Doctoral Dissertation Research: Social Networks and Organized Crime

$7,293FY2013SBENSF

University Of Massachusetts Amherst, Amherst MA

Investigators

Abstract

SES-1302778 Donald Tomaskovic-Devey Chris Smith University of Massachusetts Amherst This dissertation improvement research continues to build a unique relational database on early 1900s Chicago organized crime. To date, over 4,000 pages of archival documents and secondary sources have been coded for information on more than 2,800 individuals and their nearly 14,000 social ties. This dissertation asks: How did relationships between men and women contribute to the structures, activities, and dynamics of organized crime groups in early 1900s Chicago? Social network methods focus this research agenda on three substantive and testable questions: (1) What were women's roles in organized crime networks? (2) Were women structurally important to organized crime networks? (3) Were there locations of equality for men and women in illicit networks? Answers to these questions have the potential to change theory by adding gender and family to social network scholarship and revealing locations of gender equality in illicit organizations during a historical moment when formal organizations were severely gender segregated. This project uses a network analysis approach to examine women?s roles and positions in organized crime before, during, and after Prohibition in Chicago. Social network analysis offers theoretical and methodological tools to investigate organized crime groups as enmeshed systems of relationships between high profile criminals, but also family members, workers, and lesser-known individuals.
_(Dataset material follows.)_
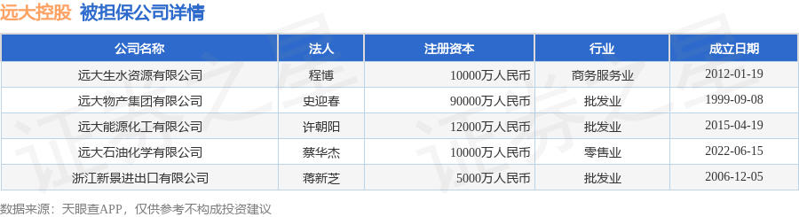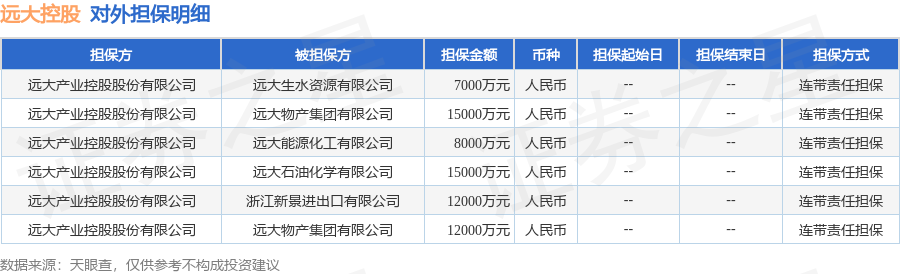 远大控股12月16日披露6笔对外担保,被担保公司5家。对外担保明细如下表:
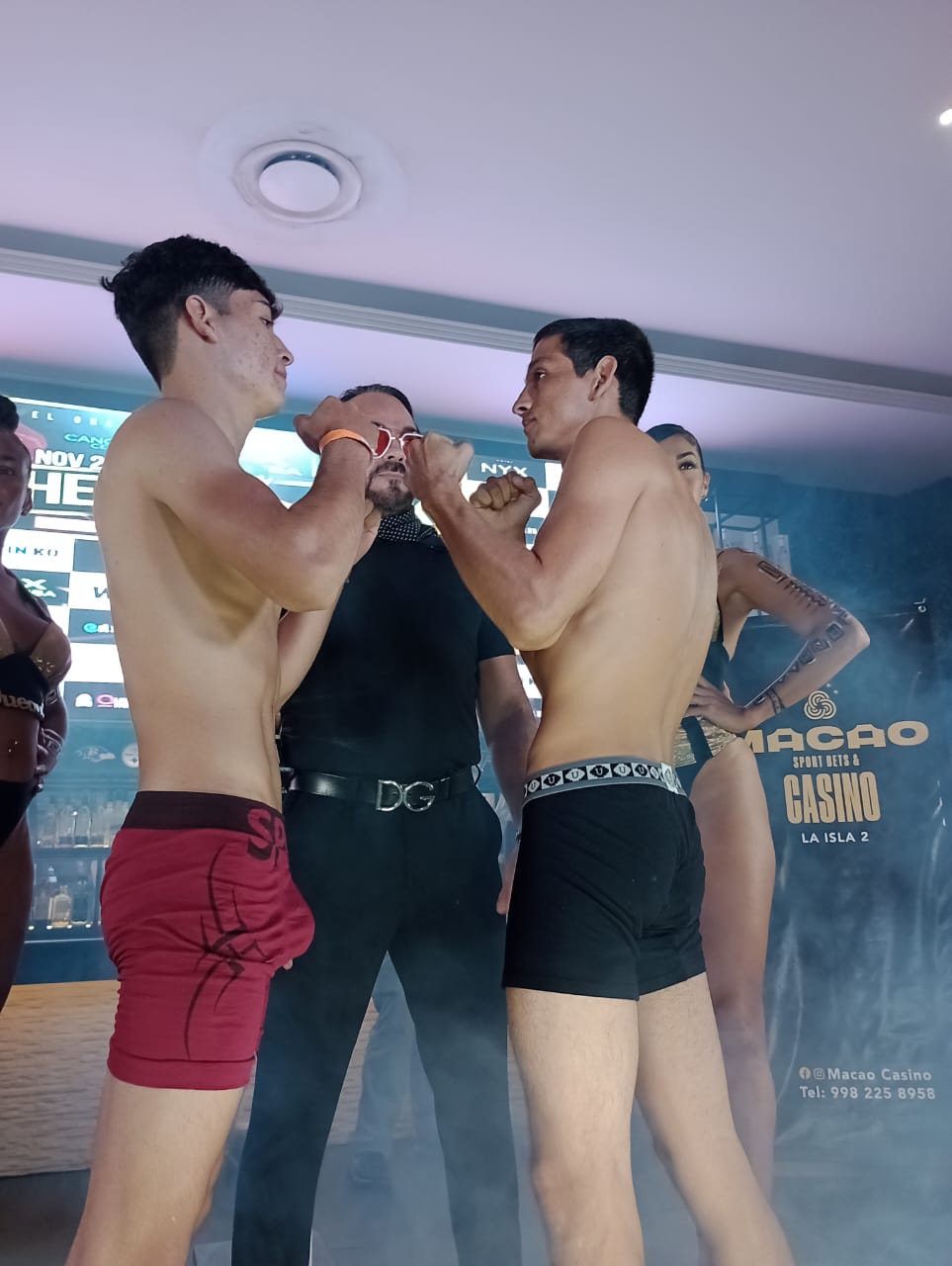 Listos los protagonistas de la gala boxística “He is Back”, tras cumplir el protocolo de peso en el Casino Macao.

At the boundaries of Chicago's early 1900s organized crime networks were configurations of wives, girlfriends, sisters, mothers, daughters, and female cousins and neighbors who contributed to organized crime's size, strength, structure, and durability. The broader impacts of this project are twofold. First, this project brings network science to the study of organized crime groups, which is a growing information gathering strategy for law enforcement. Applying network techniques to a historic topic of broad public interest "gangster era Chicago" improves our understanding of organized crime groups and provides relevant insights to public policy and law enforcement tactics. Second, this project continues the building efforts of a historic relational database on a topic of popular interest. Upon completion of analysis and publication, this database will be archived online and made publicly available.